◆ **TASK ITEM**:
Without including any images, output the listing below exactly.

◆ **COLLECTED DATA**:
»»

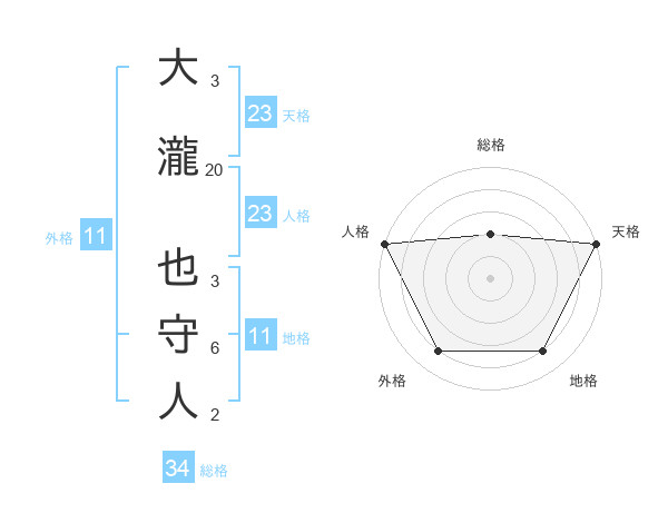大瀧 也守人さんの天格は23画の5点!
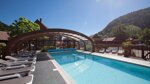 Accessible facilities, Bar with TV room above. Bar and restaurant with canopied terrace (closed Tues and Mon/Wed evenings in low season). Takeaway. Heated swimming pool with Balnéo bench. Spa facility with jacuzzi and saunas. Play equipment. Snooker table. Small football field. Volleyball. Pétanque. Barbecue hire. Visits to Chamois Park and Cheese Farm (July/Aug). Snow shoe expeditions in winter. WiFi (free).
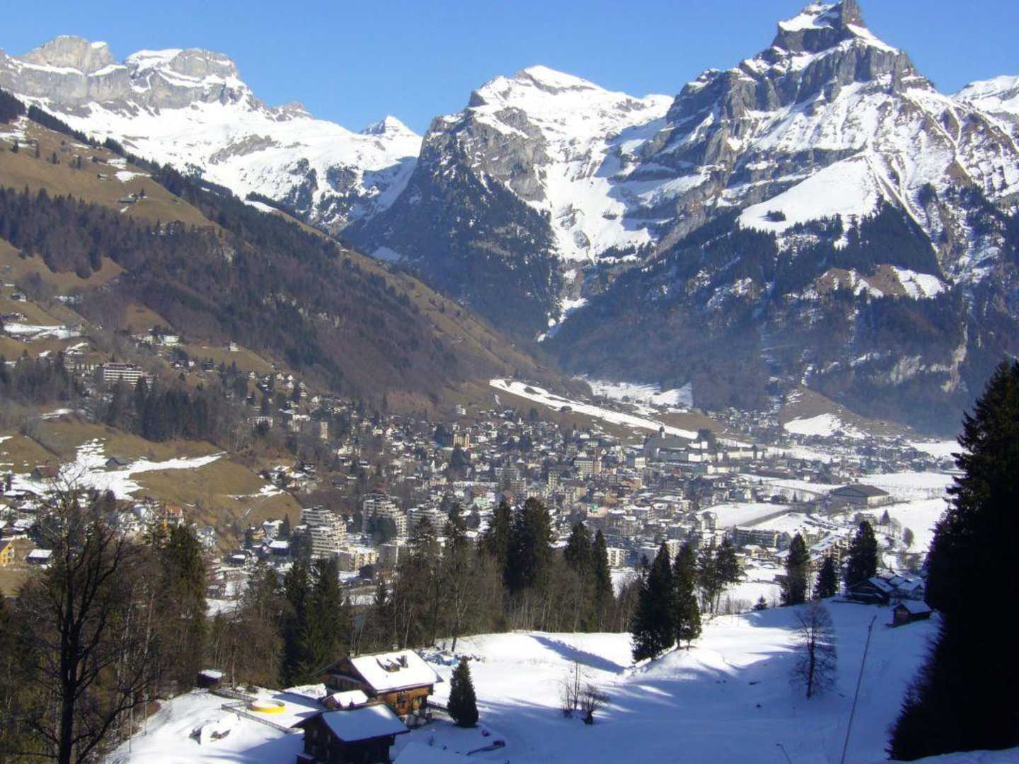 Blick auf Engelberg von Talabfahrt
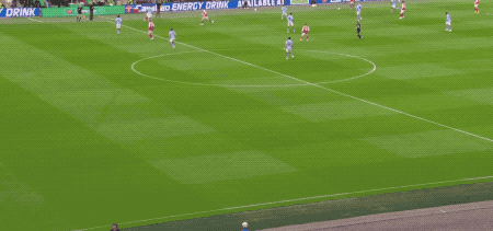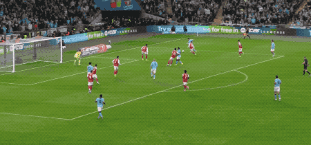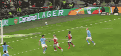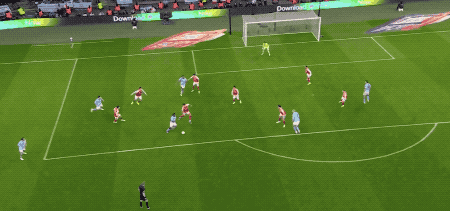 第87分钟,热苏斯头球吊射,皮球越过特拉福德头顶,砸在横梁上。

««

◆ **WRITTEN RESPONSE**:
大瀧 也守人さんの天格は23画の5点!
 Accessible facilities, Bar with TV room above. Bar and restaurant with canopied terrace (closed Tues and Mon/Wed evenings in low season). Takeaway. Heated swimming pool with Balnéo bench. Spa facility with jacuzzi and saunas. Play equipment. Snooker table. Small football field. Volleyball. Pétanque. Barbecue hire. Visits to Chamois Park and Cheese Farm (July/Aug). Snow shoe expeditions in winter. WiFi (free).
 Blick auf Engelberg von Talabfahrt
 第87分钟,热苏斯头球吊射,皮球越过特拉福德头顶,砸在横梁上。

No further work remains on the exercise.